- Promotional release poster
- Directed by: Johnny Depp
- Screenplay by: D. P. Depp; Johnny Depp; Paul McCudden;
- Based on: The Brave (novel) by Gregory Mcdonald
- Produced by: Charles Evans, Jr.; Carroll Kemp;
- Starring: Johnny Depp; Marlon Brando; Marshall Bell; Frederic Forrest; Elpidia Carrillo;
- Cinematography: Vilko Filač; Eugene D. Shlugleit;
- Edited by: Pasquale Buba; Hervé Schneid;
- Music by: Iggy Pop
- Distributed by: Majestic Films International
- Release dates: May 10, 1997 (Cannes Film Festival); July 30, 1997 (France);
- Running time: 123 minutes
- Country: United States
- Language: English
- Budget: $5-6 million

= The Brave (film) =

1997 film

The Brave is a 1997 American independent neo-western film directed by and starring Johnny Depp from a screenplay he co-wrote with D. P. Depp and Paul McCudden, based on the Gregory McDonald novel of the same title. The film also stars Marlon Brando, Marshall Bell, Frederic Forrest and Elpidia Carrillo.

This film was Depp's directorial and screenwriting debut. It premiered at the 1997 Cannes Film Festival where it received negative reviews from American critics and was nominated for the Palme d'Or and the Caméra d'Or. The film was released in theaters and on DVD internationally, but not in the United States; Depp stated that he did not want to release it to a general public that had criticized it.

==Plot==
A Native American man named Raphael lives with his wife and two children in a remote community, near a garbage dump. He sells whatever he can to make a living. Raphael, seeing the hopelessness of his situation and his inability to provide for his family, agrees to star in a snuff film for a large sum of money that he hopes will give his family a chance for a better life.

Having been given part of the money in advance, Raphael is given a week to live and then return to be tortured and killed in front of the camera. Over the course of his final week of his life Raphael changes his relationship with his wife and children and faces his own personal anguish over his fate.

==Production==
The initial script, written by Paul McCudden and based on a book by Gregory Mcdonald, attracted interest from Hollywood studios in 1993, despite the dark nature of the story. Disney's Touchstone Pictures eventually picked up the film, and work on it was set to begin in early 1994. In December 1993, however, Aziz Ghazal, the first time director from USC film school who was attached to the picture, killed his wife and daughter before committing suicide. His body would not be found by Los Angeles police for over a month. With the director of the film missing and presumed responsible for the murder of his family, Touchstone immediately suspended production.
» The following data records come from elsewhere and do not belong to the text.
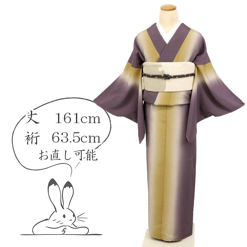 - 【中古】特選小紋 しっとり縦筋ラインぼかし カジュアル 滅紫×桑茶色 身丈161cm 裄丈63.5cm 袷正絹着物 KP12-5 msi...
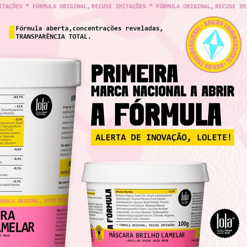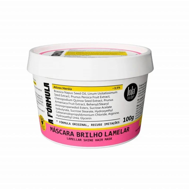 Máscara Capilar Lola A Fórmula 100g Brilho tridimensional e fios incrivelmente macios! A Máscara Capilar Lola A Fórmula foi desenvolvida para retexturizar e reorganizar a fibra capilar, devolvendo alinhamento, maciez e luminosidade aos cabelos opacos e sem vida. Ideal para quem busca um tratamento rápido e eficaz, com resultado visível desde a primeira aplicação. Para que serve a Máscara Capilar Lola A Fórmula? A Máscara Lola A Fórmula atua diretamente na estrutura dos fios, ajudando a alinhar as camadas da fibra capilar quando estão desorganizadas. Esse processo melhora a textura do cabelo, reduz o aspecto áspero e opaco e proporciona um brilho tridimensional intenso, além de um toque extremamente macio. Descrição do Produto Inspirada no conceito das lamelas, camadas fininhas que compõem o fio, a Máscara Lola A Fórmula 100g possui ativos especiais que reorganizam essas camadas, deixando a superfície do cabelo mais lisa e capaz de refletir muito mais luz. O resultado são fios mais alinhados, sedosos e com aparência saudável e revitalizada. Fica a Dica Para potencializar os resultados, adicione algumas gotinhas do seu óleo Lola favorito à máscara e deixe o tratamento ainda mais poderoso. Modo de Uso Após lavar os cabelos com o shampoo Lola de sua preferência, aplique a máscara A Fórmula por todo o comprimento dos fios, massageando bem. Deixe agir de 2 a 3 minutos e enxágue completamente. Principais Benefícios Retexturiza e reorganiza a fibra capilar; Alinha as camadas do fio; Brilho tridimensional intenso; Toque super macio e sedoso; Reduz o aspecto opaco e áspero; Tratamento rápido com ação eficaz; Ideal para cabelos sem vida e desalinhados.
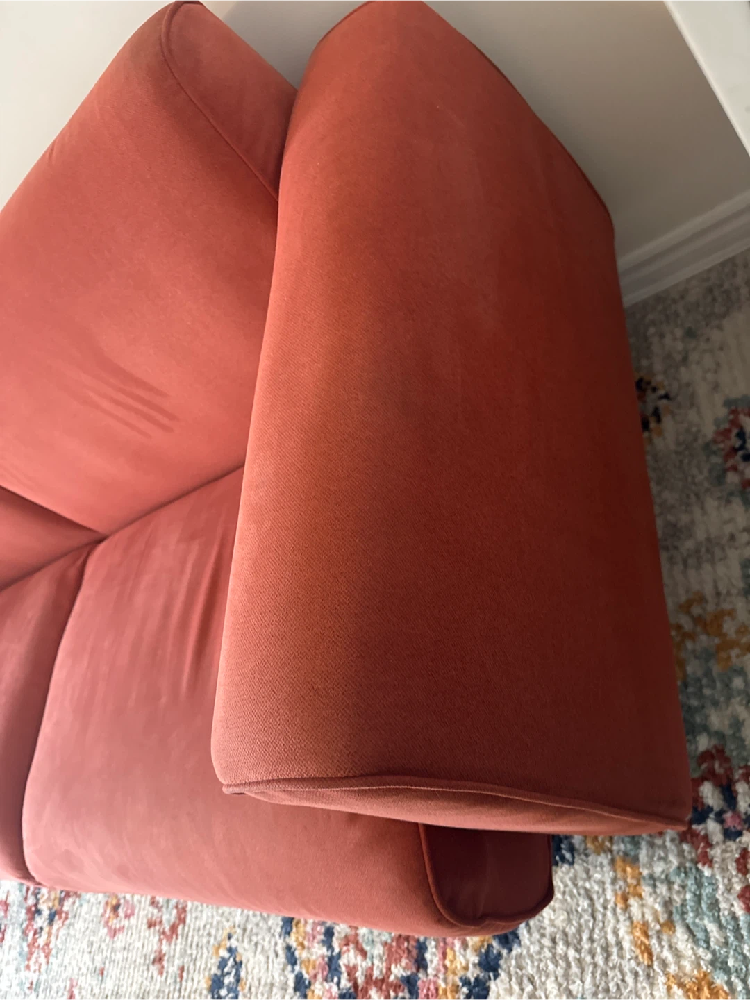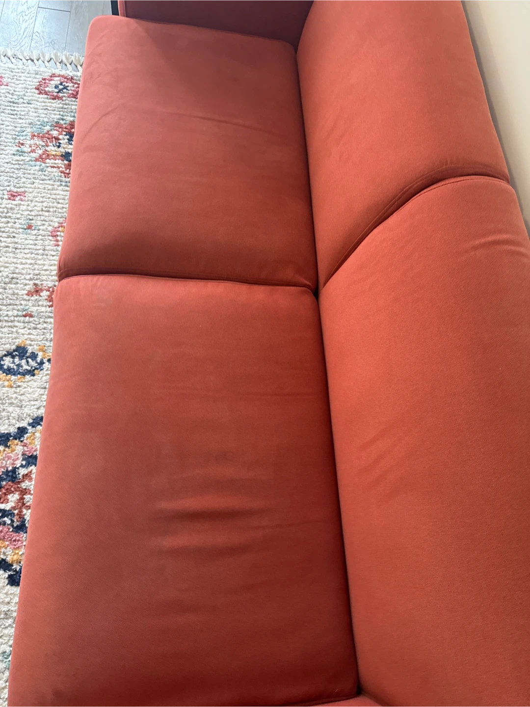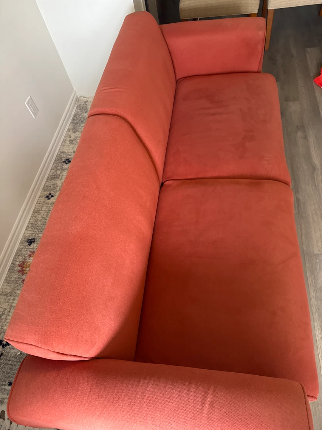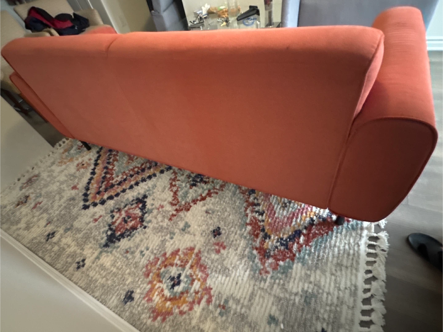 Orange Mid-Century Modern Sofa IKEA Selling a comfy orange sofa! It's in good condition and would be a great addition to any living room or den pet and smoke free moving sale length 5 1/2 with3 1/2 height 2 1/2

In spite of this major setback, McCudden and his production partner Charles Evans persisted in trying to get the film made, as they had already invested a substantial amount of their own money into it. In 1994, they were able to convince Johnny Depp to rewrite, direct and produce the film, with it taking him three years to complete. Depp disliked the original script, but still took on the project as he was moved by "the idea of sacrifice for family."

Iggy Pop wrote and performed all the music to the film, and appears briefly during a party scene. Some of the songs on the film were later released on his 1999 studio album Avenue B. Johnny Depp cast himself in the lead role as a means to attract interest from potential financers. The film had an estimated production budget of $5 million and Depp agreed to pay if the cost went over, and may have put as much as $2 million of his own money into the film.

==Reception==
The initial 1997 reviews from American critics were highly negative. On Rotten Tomatoes the film has an approval rating of 33% based on reviews from 6 critics. Metacritic, which uses a weighted average, assigned the film a score of 24 out of 100, based on 9 critics, indicating "generally unfavorable" reviews. Variety dismissed the film as "a turgid and unbelievable neo-western." Time Out criticized the film, stating that "[b]esides the implausibilities, the direction has two fatal flaws: it's both tediously slow and hugely narcissistic as the camera focuses repeatedly on Depp's bandana'd head and rippling torso."

According to Depp, the negative reviews led to his decision to not give The Brave a formal release in the United States, either in theaters or on home media.

The Brave was nominated for the prestigious Palme d'Or at the 1997 Cannes Film Festival in the year of its release, losing to Taste of Cherry and The Eel. It was also nominated for Caméra d'Or (best first film), but lost to Suzaku.